State variables of contracts are stored in storage in a compact way such that multiple values sometimes use the same storage slot. Except for dynamically-sized arrays and mappings (see below), data is stored contiguously item after item starting with the first state variable, which is stored in slot 0. For each variable, a size in bytes is determined according to its type. Multiple, contiguous items that need less than 32 bytes are packed into a single storage slot if possible, according to the following rules:

The first item in a storage slot is stored lower-order aligned.
Value types use only as many bytes as are necessary to store them.
If a value type does not fit the remaining part of a storage slot, it is stored in the next storage slot.
Structs and array data always start a new slot and their items are packed tightly according to these rules.
Items following struct or array data always start a new storage slot.

For contracts that use inheritance, the ordering of state variables is determined by the C3-linearized order of contracts starting with the most base-ward contract.
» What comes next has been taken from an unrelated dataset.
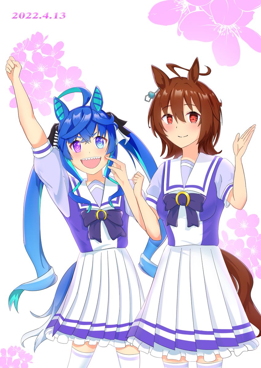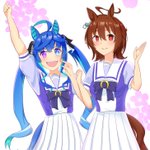 #ツインターボ生誕祭2022 #ツインターボ誕生祭2022 #アグネスタキオン生誕祭2022 #アグネスタキオン誕生祭2022 今日はツインターボとアグネスタキオンの誕生日です!! お誕生日おめでとうございます!!!!㊗️🎉🎊 好きな二人が同じ誕生日だったので同じ絵で描けてとても嬉しい☺️ おめでたい🥳

If allowed by the above rules, state variables from different contracts do share the same storage slot.

The elements of structs and arrays are stored after each other, just as if they were given as individual values.

If a contract specifies a custom storage layout, the slots assigned to static storage variables are shifted according the value defined as the layout base. Locations of dynamic arrays and mappings are also indirectly affected by this due to shifting of the static slots they are based on. The custom layout is specified in the most derived contract and, following the order explained above, starting from the most base-ward contract’s variables, all storage slots are adjusted.
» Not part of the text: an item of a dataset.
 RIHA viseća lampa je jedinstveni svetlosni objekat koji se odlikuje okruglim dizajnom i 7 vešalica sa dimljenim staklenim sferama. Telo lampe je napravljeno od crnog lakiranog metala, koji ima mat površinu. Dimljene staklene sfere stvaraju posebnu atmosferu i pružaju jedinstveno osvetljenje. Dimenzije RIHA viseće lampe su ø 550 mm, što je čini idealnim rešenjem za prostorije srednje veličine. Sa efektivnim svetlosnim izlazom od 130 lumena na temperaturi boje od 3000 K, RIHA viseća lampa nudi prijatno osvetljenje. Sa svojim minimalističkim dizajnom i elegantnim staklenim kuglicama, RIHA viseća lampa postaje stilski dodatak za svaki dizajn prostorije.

In the following example, contract C inherits from contracts A and B and also specifies a custom storage base slot. The result is that all storage variable slots of the inheritance tree are adjusted according to the value specified by C.

open in Remix

// SPDX-License-Identifier: GPL-3.0
pragma solidity ^0.8.29;

struct S {
    int32 x;
    bool y;
}

contract A {
    uint a;
    uint128 transient b;
    uint constant c = 10;
    uint immutable d = 12;
}

contract B {
    uint8[] e;
    mapping(uint => S) f;
    uint16 g;
    uint16 h;
    bytes16 transient i;
    S s;
    int8 k;
}

contract C is A, B layout at 42 {
    bytes21 l;
    uint8[10] m;
    bytes5[8] n;
    bytes5 o;
}

In the example, the storage layout starts with the inherited state variable a stored directly inside the base slot (slot 42). Transient, constant and immutable variables are stored in separate locations, and thus, b, i, c and d have no effect on the storage layout. Then we get to the dynamic array e and mapping f. They both reserve a whole slot whose address will be used to calculate the location where their data is actually stored. The slot cannot be shared with any other variable, because the resulting addresses must be unique.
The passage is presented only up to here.